Everything below from the line with "To examine the" through the line with "Das Schneeberger Lichtelfest" should be copied exactly, and nothing else; leave out the pictures.
──────── Raw data ────────
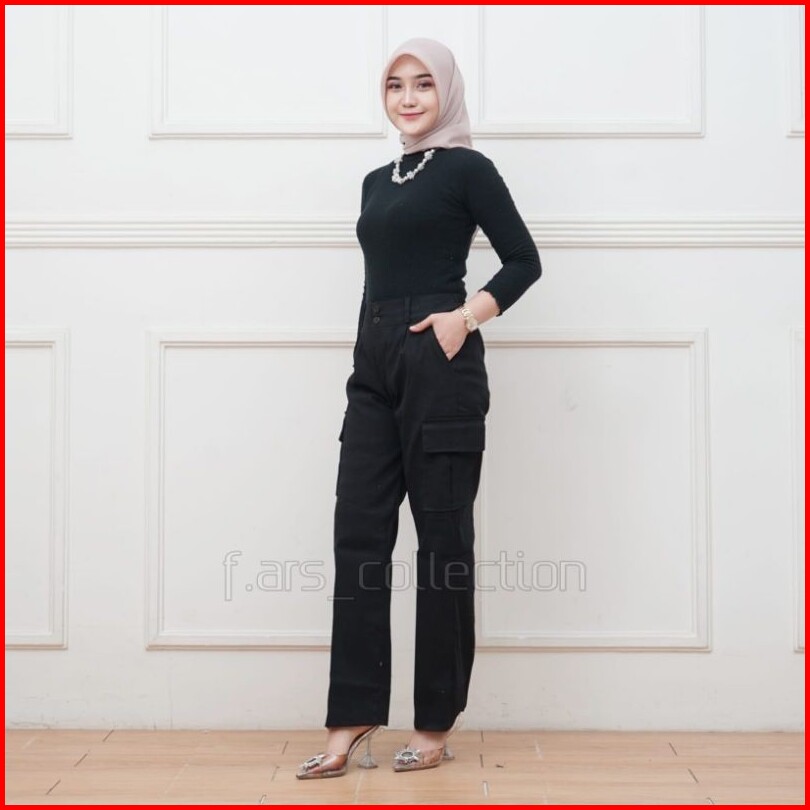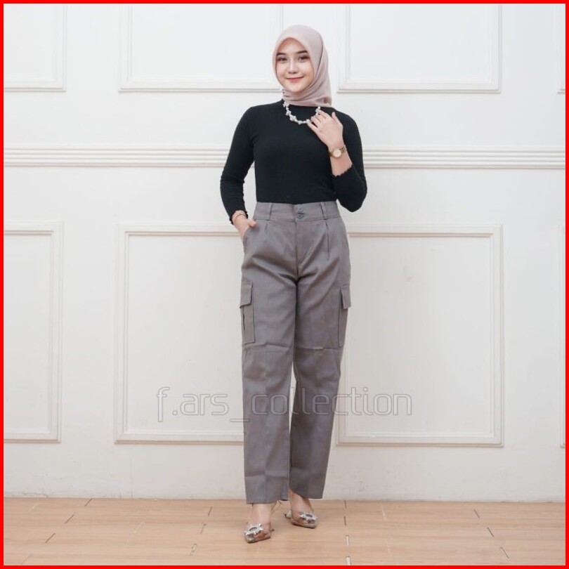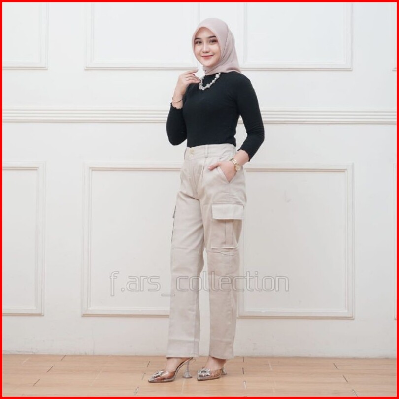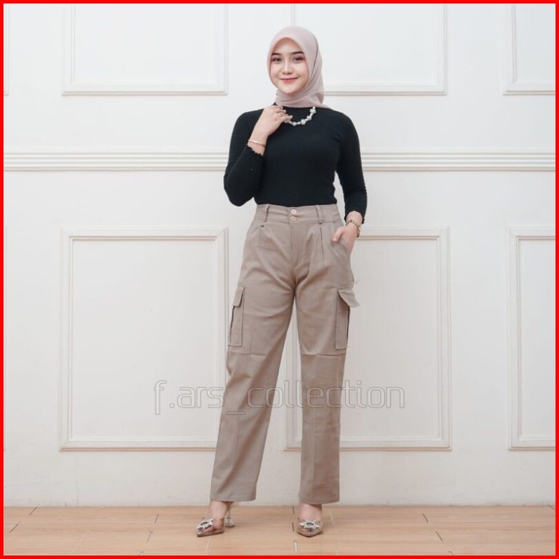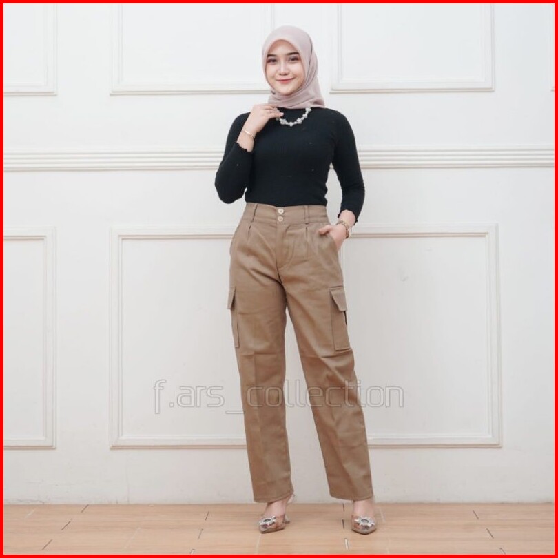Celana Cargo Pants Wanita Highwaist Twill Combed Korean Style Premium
────────
──────── Raw data ────────
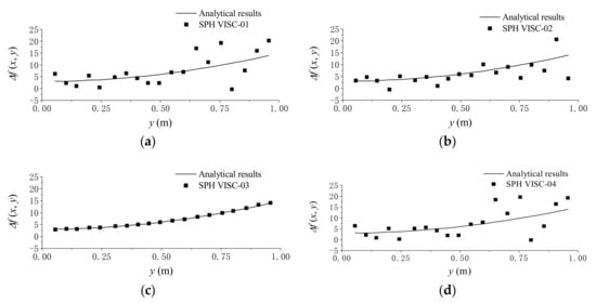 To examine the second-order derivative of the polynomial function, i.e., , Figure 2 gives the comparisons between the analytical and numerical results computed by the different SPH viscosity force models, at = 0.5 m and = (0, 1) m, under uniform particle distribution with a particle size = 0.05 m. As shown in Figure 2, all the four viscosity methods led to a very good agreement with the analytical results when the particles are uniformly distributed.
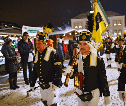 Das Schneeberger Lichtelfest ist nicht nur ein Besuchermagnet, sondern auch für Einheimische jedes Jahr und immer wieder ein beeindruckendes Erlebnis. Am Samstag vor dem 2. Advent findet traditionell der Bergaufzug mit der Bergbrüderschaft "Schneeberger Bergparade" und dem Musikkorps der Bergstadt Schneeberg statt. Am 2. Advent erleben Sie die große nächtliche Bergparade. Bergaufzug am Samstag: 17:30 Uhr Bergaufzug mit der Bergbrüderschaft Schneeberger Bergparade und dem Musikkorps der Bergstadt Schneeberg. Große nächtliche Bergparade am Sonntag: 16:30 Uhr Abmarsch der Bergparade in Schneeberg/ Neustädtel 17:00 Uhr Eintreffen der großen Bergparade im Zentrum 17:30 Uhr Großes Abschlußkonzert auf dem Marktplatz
────────
-- Solution to this task --
 To examine the second-order derivative of the polynomial function, i.e., , Figure 2 gives the comparisons between the analytical and numerical results computed by the different SPH viscosity force models, at = 0.5 m and = (0, 1) m, under uniform particle distribution with a particle size = 0.05 m. As shown in Figure 2, all the four viscosity methods led to a very good agreement with the analytical results when the particles are uniformly distributed.
 Das Schneeberger Lichtelfest ist nicht nur ein Besuchermagnet, sondern auch für Einheimische jedes Jahr und immer wieder ein beeindruckendes Erlebnis. Am Samstag vor dem 2. Advent findet traditionell der Bergaufzug mit der Bergbrüderschaft "Schneeberger Bergparade" und dem Musikkorps der Bergstadt Schneeberg statt. Am 2. Advent erleben Sie die große nächtliche Bergparade. Bergaufzug am Samstag: 17:30 Uhr Bergaufzug mit der Bergbrüderschaft Schneeberger Bergparade und dem Musikkorps der Bergstadt Schneeberg. Große nächtliche Bergparade am Sonntag: 16:30 Uhr Abmarsch der Bergparade in Schneeberg/ Neustädtel 17:00 Uhr Eintreffen der großen Bergparade im Zentrum 17:30 Uhr Großes Abschlußkonzert auf dem Marktplatz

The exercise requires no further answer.